▶ **Source material**:
::::

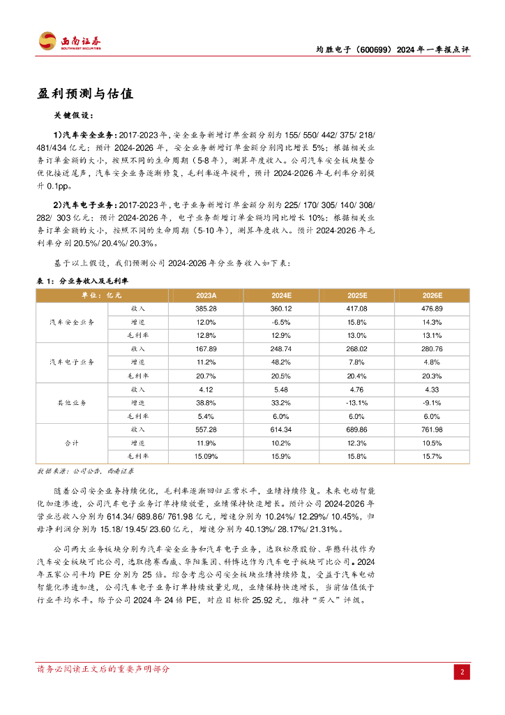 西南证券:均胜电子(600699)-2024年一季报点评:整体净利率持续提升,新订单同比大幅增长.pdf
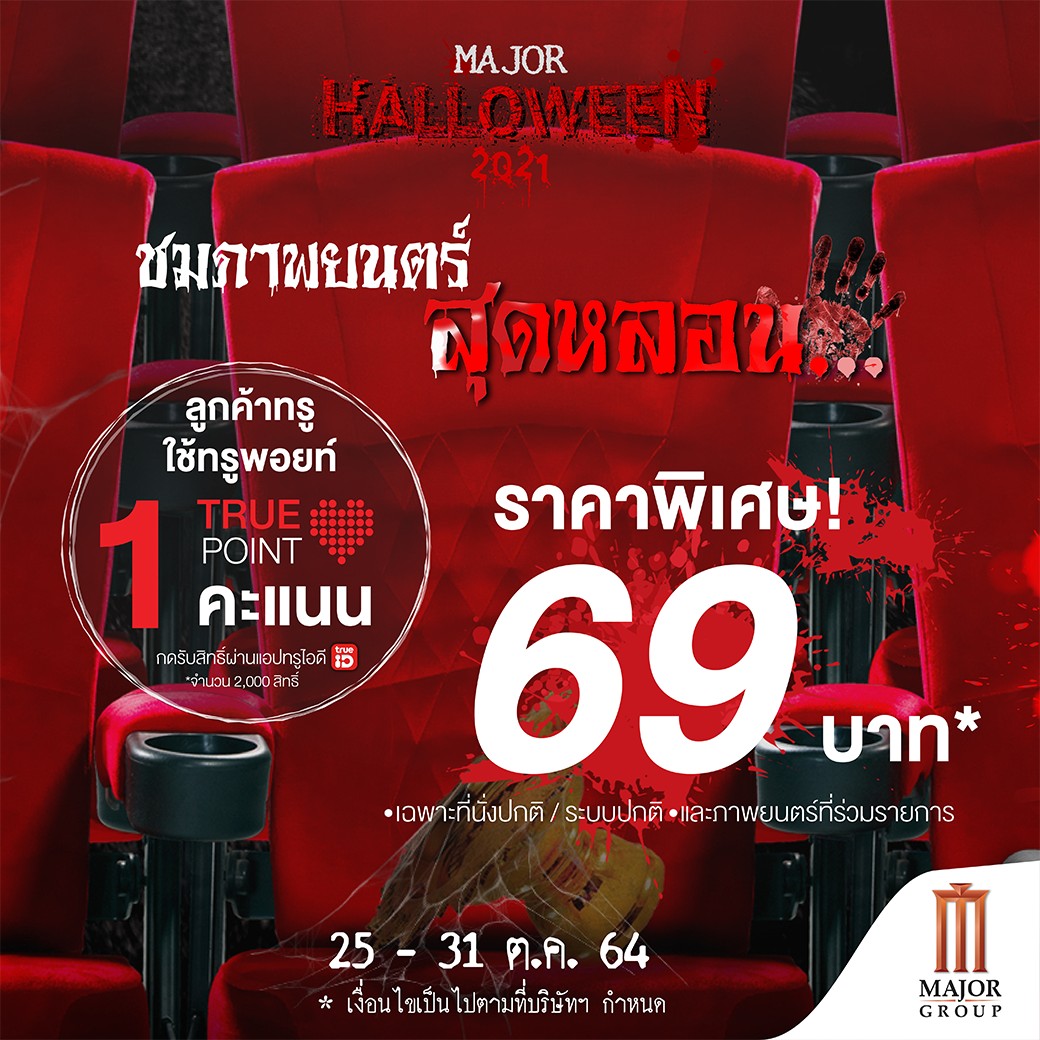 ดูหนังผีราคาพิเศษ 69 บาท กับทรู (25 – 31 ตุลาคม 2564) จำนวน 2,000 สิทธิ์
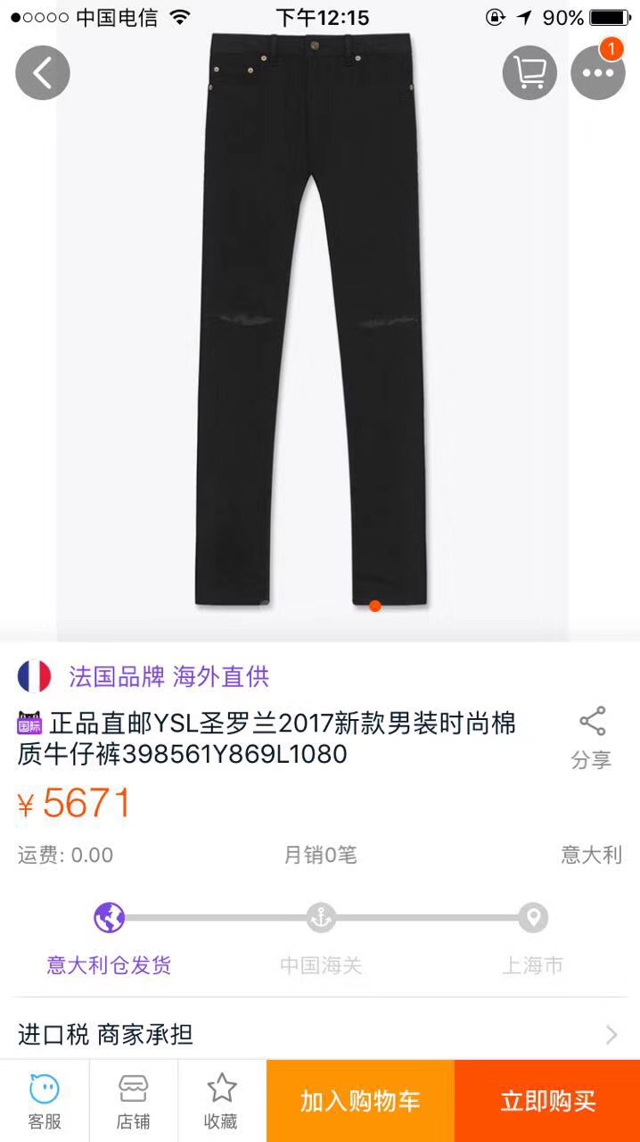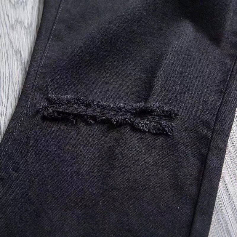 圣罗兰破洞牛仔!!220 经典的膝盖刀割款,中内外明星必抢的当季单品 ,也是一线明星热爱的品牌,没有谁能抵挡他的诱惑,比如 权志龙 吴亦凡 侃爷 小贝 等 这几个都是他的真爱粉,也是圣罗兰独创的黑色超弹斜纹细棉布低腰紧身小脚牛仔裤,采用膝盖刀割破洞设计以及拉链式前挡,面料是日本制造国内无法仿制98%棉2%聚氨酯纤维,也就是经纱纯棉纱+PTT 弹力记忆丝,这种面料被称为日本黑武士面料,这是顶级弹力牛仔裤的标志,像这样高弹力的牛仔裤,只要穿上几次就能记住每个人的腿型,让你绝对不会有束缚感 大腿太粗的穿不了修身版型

::::

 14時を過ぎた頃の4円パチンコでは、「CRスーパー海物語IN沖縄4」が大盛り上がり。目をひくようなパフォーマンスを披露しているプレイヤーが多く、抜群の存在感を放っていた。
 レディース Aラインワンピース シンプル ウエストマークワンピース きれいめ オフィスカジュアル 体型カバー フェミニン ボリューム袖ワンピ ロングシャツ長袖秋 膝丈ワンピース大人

::::

▶ **Aim of the exercise**:
Look above for the line holding "西南证券:均胜电子(6006" and output everything from it down to the line holding "圣罗兰破洞牛仔!!220 经典的膝盖刀割款,中内外明星必抢的当季单品 ,也是一线明星热爱的品牌,没有谁能抵挡他的诱惑,比如", both ends included, exactly and without images.

▶ **Exercise solution**:
 西南证券:均胜电子(600699)-2024年一季报点评:整体净利率持续提升,新订单同比大幅增长.pdf
 ดูหนังผีราคาพิเศษ 69 บาท กับทรู (25 – 31 ตุลาคม 2564) จำนวน 2,000 สิทธิ์
 圣罗兰破洞牛仔!!220 经典的膝盖刀割款,中内外明星必抢的当季单品 ,也是一线明星热爱的品牌,没有谁能抵挡他的诱惑,比如 权志龙 吴亦凡 侃爷 小贝 等 这几个都是他的真爱粉,也是圣罗兰独创的黑色超弹斜纹细棉布低腰紧身小脚牛仔裤,采用膝盖刀割破洞设计以及拉链式前挡,面料是日本制造国内无法仿制98%棉2%聚氨酯纤维,也就是经纱纯棉纱+PTT 弹力记忆丝,这种面料被称为日本黑武士面料,这是顶级弹力牛仔裤的标志,像这样高弹力的牛仔裤,只要穿上几次就能记住每个人的腿型,让你绝对不会有束缚感 大腿太粗的穿不了修身版型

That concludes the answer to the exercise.